Massimo Nabissi1,*, Maria Beatrice Morelli2,*, Massimo Offidani3, Consuelo Amantini4, Silvia Gentili3, Alessandra Soriani2, Claudio Cardinali2, Pietro Leoni3, Giorgio Santoni1

1School of Pharmacy, Experimental Medicine Section, University of Camerino, Camerino, Italy

2Department of Molecular Medicine, Sapienza University, Rome, Italy

3Clinica di Ematologia, Azienda Ospedaliero Universitaria Ospedali Riuniti di Ancona, Ancona, Italy

4School of Biosciences and Veterinary Medicine, University of Camerino, Camerino, Italy

*These authors have contributed equally to this work

Correspondence to:

Massimo Nabissi, email: [email protected]

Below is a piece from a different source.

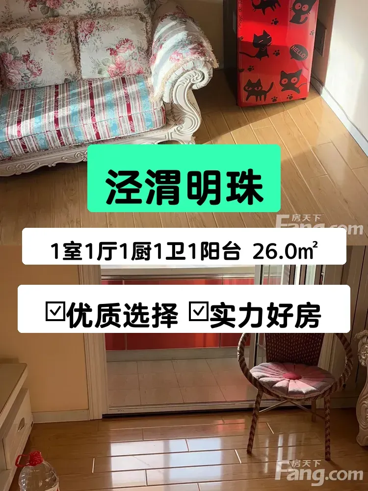 房子在泾渭明珠小区,长庆西路96号,3楼(总高12层),西南朝向采光超棒!虽然只有26㎡,但1室1厅1厨1卫+小阳台的格局特别实用,精装修直接拎包入住~空调、冰箱、洗衣机这些家电全配齐了,连微波炉和电磁炉都备好了,厨房小白也能秒变大厨!🍳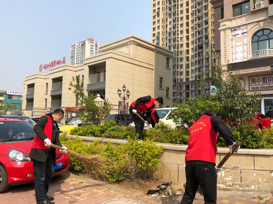 在活动现场,“山东出版实业烟台分公司党员志愿服务队”旗帜飘扬。队员们分工协作,铲除、捡拾、清扫、装运,对社区各处卫生死角进行彻底打扫。

Keywords: carfilzomib, THC, CBD, multiple myeloma, immuno-proteasome, combination therapy

Received: September 01, 2016     Accepted: October 05, 2016     Published: October 18, 2016

ABSTRACT

Several studies showed a potential anti-tumor role for cannabinoids, by modulating cell signaling pathways involved in cancer cell proliferation, chemo-resistance and migration. Cannabidiol (CBD) was previously noted in multiple myeloma (MM), both alone and in synergy with the proteasome inhibitor bortezomib, to induce cell death. In other type of human cancers, the combination of CBD with Δ9-tetrahydrocannabinol (THC) was found to act synergistically with other chemotherapeutic drugs suggesting their use in combination therapy. In the current study, we evaluated the effects of THC alone and in combination with CBD in MM cell lines. We found that CBD and THC, mainly in combination, were able to reduce cell viability by inducing autophagic-dependent necrosis. Moreover, we showed that the CBD-THC combination was able to reduce MM cells migration by down-regulating expression of the chemokine receptor CXCR4 and of the CD147 plasma membrane glycoprotein. Furthermore, since the immuno-proteasome is considered a new target in MM and also since carfilzomib (CFZ) is a new promising immuno-proteasome inhibitor that creates irreversible adducts with the β5i subunit of immuno-proteasome, we evaluated the effect of CBD and THC in regulating the expression of the β5i subunit and their effect in combination with CFZ. Herein, we also found that the CBD and THC combination is able to reduce expression of the β5i subunit as well as to act in synergy with CFZ to increase MM cell death and inhibits cell migration. In summary, these results proved that this combination exerts strong anti-myeloma activities.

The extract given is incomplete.